# Acrylic Floor Paint on Deck



## gideond (May 17, 2007)

We have a customer who has coated her deck (properly weathered and cleaned) with Zinsser 1-2-3 and then Pratt & Lambert's Withstand Acrylic floor finish. She put a coat of 1-2-3 on and let it dry a couple hours as per the instructions on the can. Then they applied one coat of paint, waited 2 days and applied another coat of paint. The deck is raised off the ground several feet and has plenty of airflow. The bottom is not coated. We've had no rain and warm nights for quite a while. However I got a call today from them telling me the deck feels sticky. Considering the conditions and products used and the fact the last coat has been drying for a week, I can't think of what would be the problem. It is a deep color with a lot of tint. Is there anything else I might be missing? I'd usually say moisture or each coat was too heavy with too short a dry time. Everything seems done by the book though. Also the railings are fine, it's just the deck surface. Any input is appreciated.


----------



## MakDeco (Jan 17, 2007)

gideond said:


> We have a customer who has coated her deck (properly weathered and cleaned) with Zinsser 1-2-3 and then Pratt & Lambert's Withstand Acrylic floor finish. She put a coat of 1-2-3 on and let it dry a couple hours as per the instructions on the can. Then they applied one coat of paint, waited 2 days and applied another coat of paint. The deck is raised off the ground several feet and has plenty of airflow. The bottom is not coated. We've had no rain and warm nights for quite a while. However I got a call today from them telling me the deck feels sticky. Considering the conditions and products used and the fact the last coat has been drying for a week, I can't think of what would be the problem. It is a deep color with a lot of tint. Is there anything else I might be missing? I'd usually say moisture or each coat was too heavy with too short a dry time. Everything seems done by the book though. Also the railings are fine, it's just the deck surface. Any input is appreciated.

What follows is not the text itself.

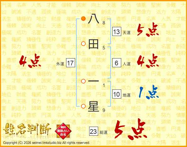 生活面を象徴する運勢です。外部から受ける影響力を表し、結婚運、家庭運や職場、環境への順応性を表します。総運から人運を引いた画数。姓や名が1文字の場合を除く。
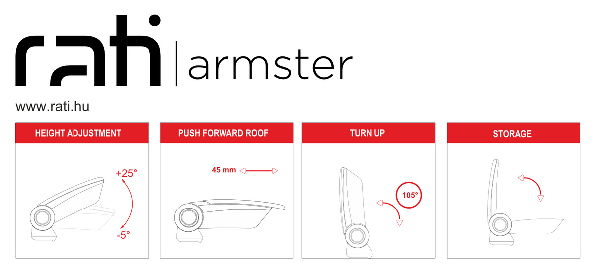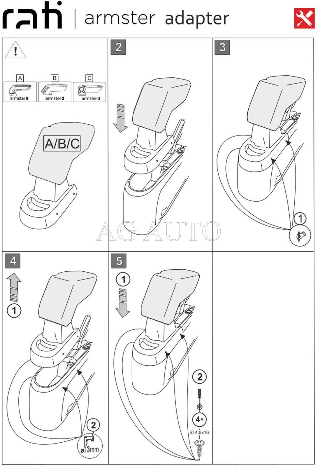 Adapter jest częścią opakowania i pasuje do powyższego pojazdu. W zestawie wkręty oraz instrukcja montażu. Podłokietnik oferuje praktyczny schowek dla telefonu komórkowego, portfela, kosztowności itp. Metalowa mechanika do ustawiania wysokości.

Why the 123 on the floor? I didn't think thats too be used on floors? Aren't the floors paints made to be directly on to the floors? If and when I had to prime a deck for solid color I used an oil primer that says can be used on horizontal services.


----------



## gideond (May 17, 2007)

According to P&Ls label it says to prime with a 100% acrylic primer first. I never would have recommended that anyone put this type of system on a deck in the first place. If they really wanted acrylic I'd opt for a solid stain. Someone else here evidently sold them this system. And according to P&L it should work fine. I still can't come to terms with using any sort of actual paint on a deck though. Railing maybe, but not the walking surface. I've heard of too many problems.

On a related note, I just looked at the 1-2-3 can and yes it says not to use it on decks or walking surfaces. I have seen it used this way in the past, but only on concrete and it never had any issues. Wood and concrete are two different beasts though. As soon as I figure out who sold them this I'll have some choice words.


----------



## PressurePros (Jul 3, 2006)

Yep, without closely guarded maintenance, that will be a peeling mess sooner than later. Sounds like something a painter would recommend :001_unsure:

Slow curing almost always means one thing.. application error


----------



## welovepainting (May 24, 2007)

we use armour seal tred plex from SW it is an acyrlic latex acts like a epoxy but its pretty thin. you can scrcth it with a knife it doesnt budge. We never use latex primer always oil...


----------



## gideond (May 17, 2007)

Get this. I just looked as the Withstand can again and it turns out I was wrong. They DON'T recommend 100% acrylic. They recommend a normal Latex house primer under it. Something is seriously screwed up about their recommendations. I'll have to call the tech department Monday and try and figure out how to proceed. I think the rep needs to go have a look at it. Technically, even though I wouldn't normally recommend this system myself, it is a valid application by the manufacturer's instructions. So I'll let P&L deal with it.


----------